3.5 a) P(T13 =< ?) = .10

qt(0.1, 13)

## [1] -1.350171

P(|T28| >= 2.05) = ?

dt(2.05, 28)

## [1] 0.05205059

3.10

# a)
## false
# b)
## false
# c)
## false
# d)
## false
# e) the variance is like an average of squared deviations from the mean
## true

3.11 suppose the weight of males patients registered at a diet clinic has the noral distribution with mean 190 and variance 100 a) for a random sample of patients size n = 25, the expression P(Wbar < 180), is equivaent to saying P(Z > ?)

w_bar <- 190
w <- 180
sig_sq <- 100
n <- 25
z_stat <- ((w_bar - w) / sqrt(sig_sq/n))
z_stat # answer, P(Z > 5) #

## [1] 5

find an interval such that (a < Wbar < b) = 0.80 for the same random sample

error <- qnorm(.9)*sqrt(sig_sq/n) # calculating the error #
left <- w_bar - error # lower bound #
right <- w_bar + error # upper bound #

left

## [1] 187.4369

right

## [1] 192.5631

(187.44, 192.56) = 0.8

3.12 The limits of a 95% CI for mean µ of a normal population with unknown varience are found by adding to and subtracting from the sample mean a certain multiple of the estimated standard error of the sample mean. If the sample size on which the confidence interval is based is 28, the multiple referred to in the previous sentence is the number ___?

qt(.975, 27)

## [1] 2.051831

3.13 a random sample of 32 persons attending a diet clinic was found to have lost an average of 30 pounds, with sample standard deviation of 11. For these data, a 99% CI for the true mean weight loss by all patients attending the clinic would have the limits (?,?)

# calculating the error #
bar_13 <- 30
sig <- 11
n_13 <- 32
error_13 <- qt(.995, df=n_13 - 1) * (sig / sqrt(n_13))
# calculating left and right bounds #
left_13 <- bar_13 - error_13
right_13 <- bar_13 + error_13

left_13

## [1] 24.66409

right_13

## [1] 35.33591

the interval would be (24.664, 35.336)

3.14 From two normal populations assumed to have equal variances, independent random samples of sizes 15 and 19 are drawn. The first sample (n=15) yielded mean and standard deviation 111.6 and 9.5 respectively. The second sample (n=19) gave mean and standard deviation 100.9 and 11.5. The estimated standard error of the difference in means is ____?

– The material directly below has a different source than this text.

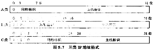 IP地址由32位(即4字節(jié))二進制數(shù)組成,為書寫方便起見,常將每個字節(jié)作為一段并以十進制數(shù)來表示,每段間用?!??!狈指?。例如,202.96.209.5就是一個合法的IP地址。IP地址由網(wǎng)絡(luò)標(biāo)識和主機標(biāo)識兩部分組成。常用的IP地址有A、B、C三類,每類均規(guī)定了網(wǎng)絡(luò)標(biāo)識和主機標(biāo)識在32位中所占的位數(shù)。這三類IP地址的格式如圖5.7所示,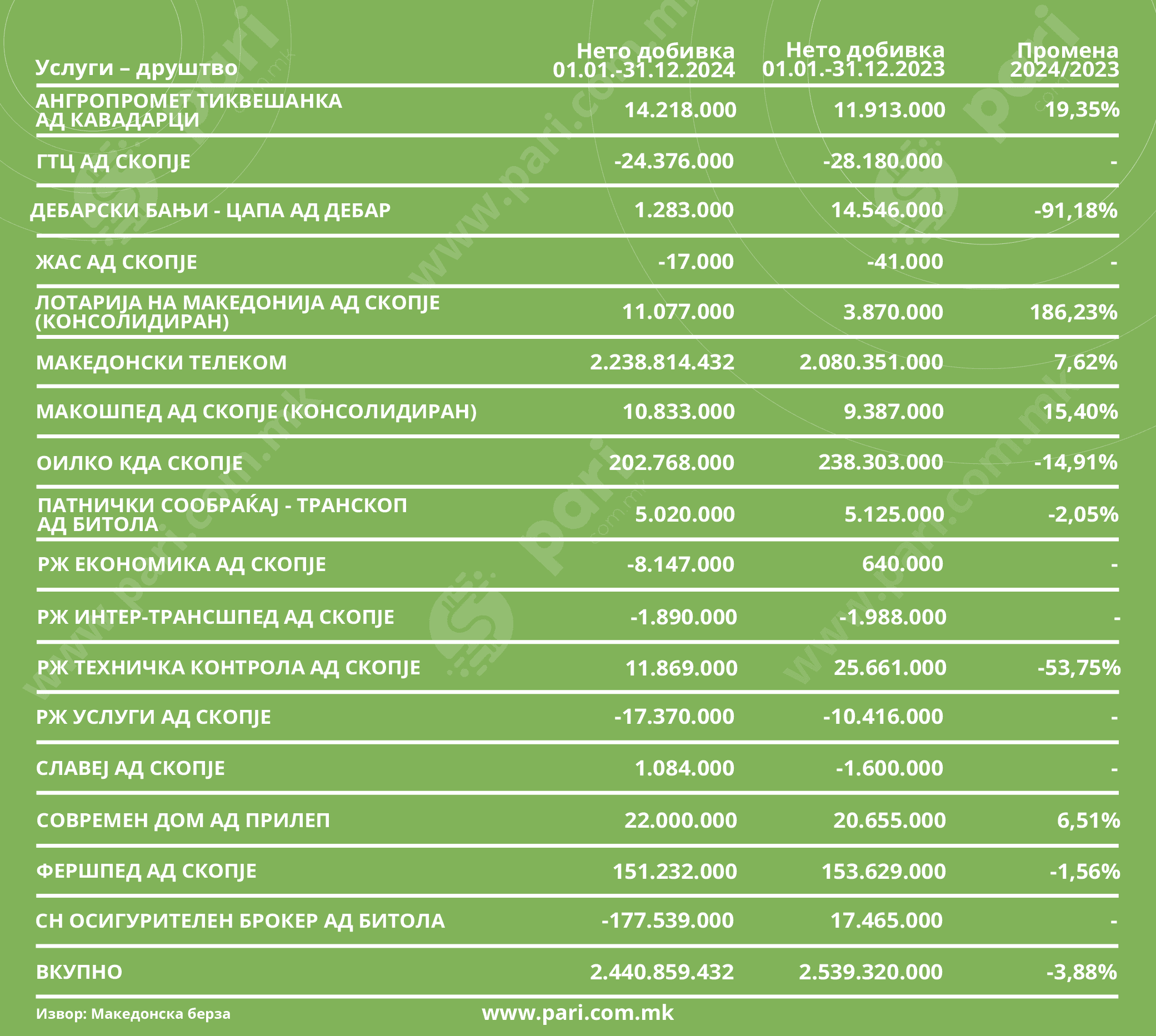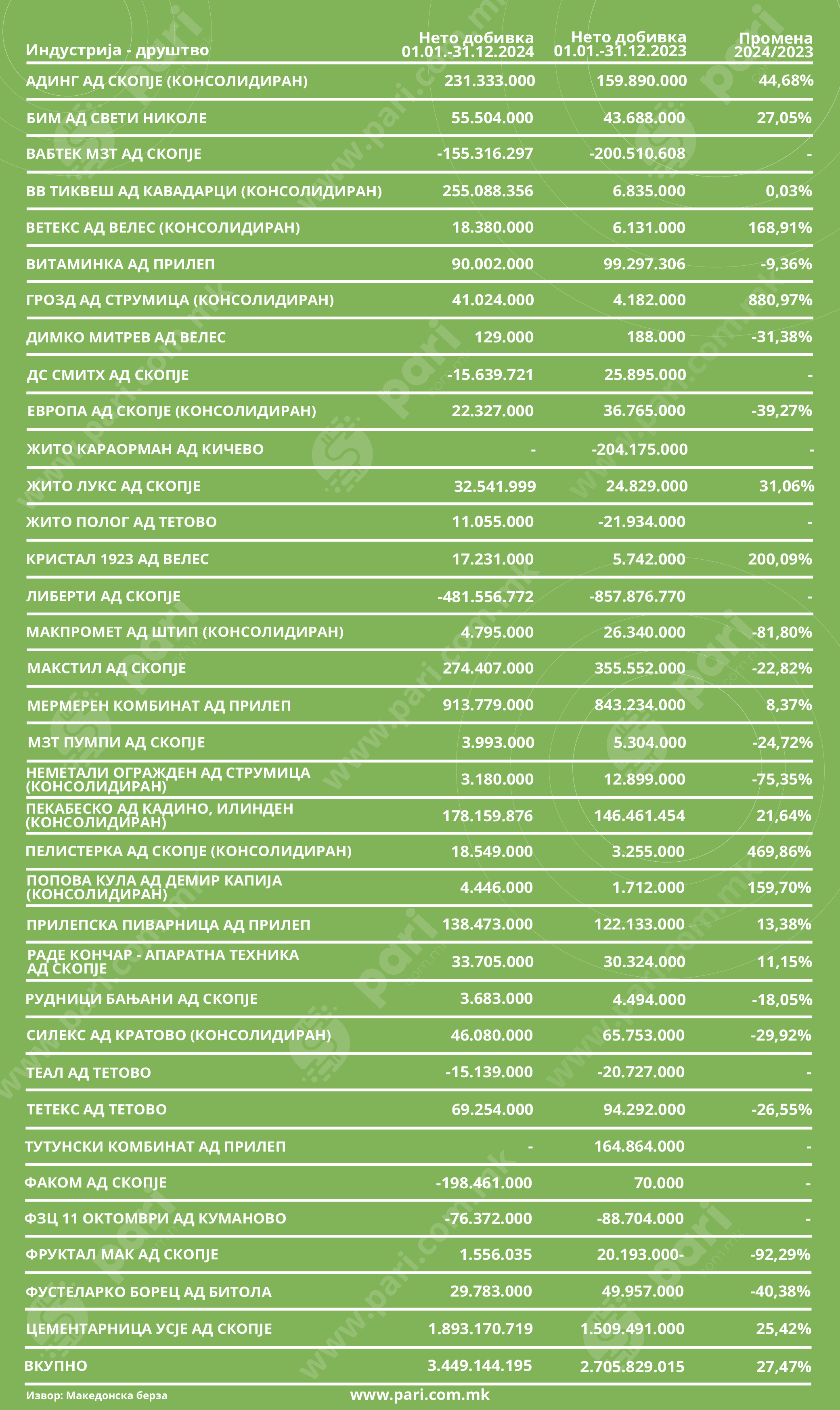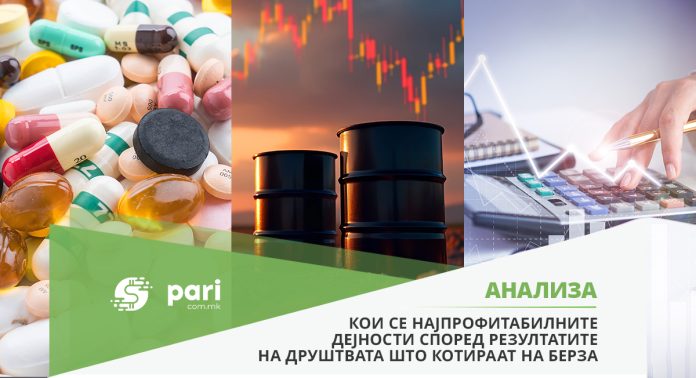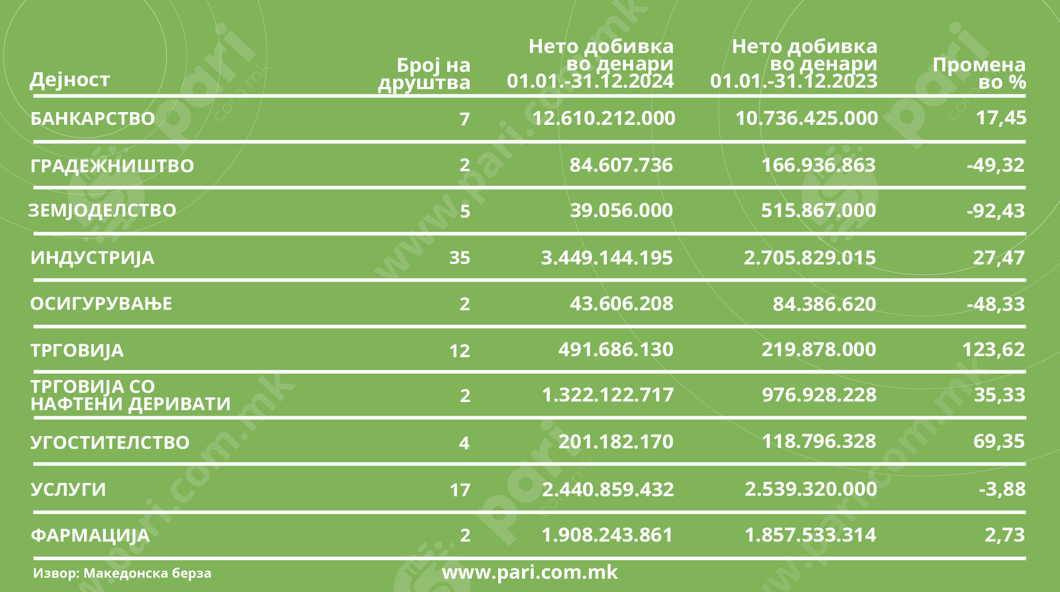 Пари ги анализираше податоците од официјалниот берзански преглед на финансиските резултати постигнати лани од јануари до декември. Забележливо е дека од десетте дејности во кои спаѓаат котираните друштва, кај четири има пад на вкупната добивка. Најголемото осипување е во земјоделството, од -92,43%.

#obtaining the pooled sample variance 
n1 <- 15
n2 <- 19
s1 <- 9.5*9.5
s2 <- 11.5*11.5
sp2 <- (((n1 - 1)*s1) + ((n2 - 1)*s2)) / (n1 + n2 - 2)
sp2 # pooled sample varience #

## [1] 113.875

# obtaining the estimated standard error of the difference in sample means
sem <- sqrt((sp2/n1) + (sp2/n2))
sem # estimated standard error of the difference in sample means #

## [1] 3.685795

3.15 Suppose, using above data, we wish to test H0: µ1 = µ2 versus HA: µ1 > µ2. We got the test statistic 2.55 a) what conclusions should be drawn for α = 0.05?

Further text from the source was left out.